GENTRY - On a hot and steamy Thursday afternoon, members of the Tired Iron of the Ozarks met at the Charlie Lacy Farm in the Logan Community to cut wheat, not with an air conditioned combine, but the old-fashioned way, with a binder.

Lacy pulled the old binder behind a small tractor, with a club member riding on the antique harvesting machine and with a foot pedal and lever controlling the binding of the bundles of cut wheat and ejecting them where they could be manually picked up and stacked to dry.

Even for club members, it was a first for some to sit on the binder as the wheat was harvested.

“This is what it’s all about,” club president Glenn Smith said as children and youth not only watched but helped in the wheat binding on Thursday.

Those who didn’t get to help with the binding went out and stacked the sheaves in the field to dry.

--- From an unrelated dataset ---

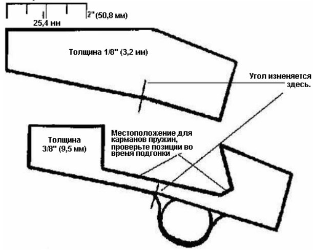 В этот момент у Вас должны быть установлены все движущиеся детали и двигаться свободно. Теперь Вы можете подготовить детали к установке пружин, просверлив карманы в местах, обозначенных на шаблонах. Сверлите только достаточно глубоко для надёжной установки пружины, менее 1/8 дюйма (3,2 мм) должно быть достаточно. Торцевая фреза сделает пло-ским дно отверстия, что будет лучше, чем конусное дно отверстия от стандартного сверла. Вам надо измерить диаметр пружин, чтобы Вы мог-ли выбрать размер карманов для них, но они должны быть немного мень-ше 3/8 дюйма (9,5 мм), так как это –размер центральной секции. При вы-боре пружин для затвора, курка и спускового крючка Вам придётся при-бегнуть к методу проб и ошибок. Вы можете видеть, что пружины долж-ны иметь диаметр меньший толщиныдеталей, и Вы можете видеть, какой длины они будут в состоянии покоя, и измерить, каковау них длина при сжатии. Пружина для затвора не должна быть очень сильной, поскольку она должна только закрывать затвор. Пружина для курка должна быть несколько более сильной, поскольку он должен будет ударить ударник с достаточной энергией, чтобы патрон выстрелил. Возвратная пружина спускового крючка будет похожа на пружину от шариковой ручки, но только длиной около 3/8 дюйма (9,5 мм). Основываясь на этой небольшой информации, купите несколько пружин, которые соответствуют размерным требованиям, и, возможно, возьмите по две штуки каждой, так как Вам придётся резать их приподгонке. Вы должны будете эксперименти-ровать с длиной и силой каждой пружины, чтобы заставить их делать ра-боту, требующуюся от них.

One of the club’s primary objectives is to show younger generations how farm and household work was carried out in the early 20th century with old tractors, engines and farm machinery.

Lacy said he’d not leave the sheaves in the field as long this summer because the deer ate much of the wheat.

“I’ll leave the deer a shock or two,” Lacy said, planning to load the rest on a wagon and cover it until the fall show of the Tired Iron of the Ozarks - Sept. 6-8 - when it will be used for the club’s threshing machine demonstration.

Lacy owns the binder and threshing machine used for the demonstrations.

The fall antique engine and tractor show will be held at the club’s show grounds on Taylor Orchard Road, just southwest of Gentry. The shows are open to the public and admission is free.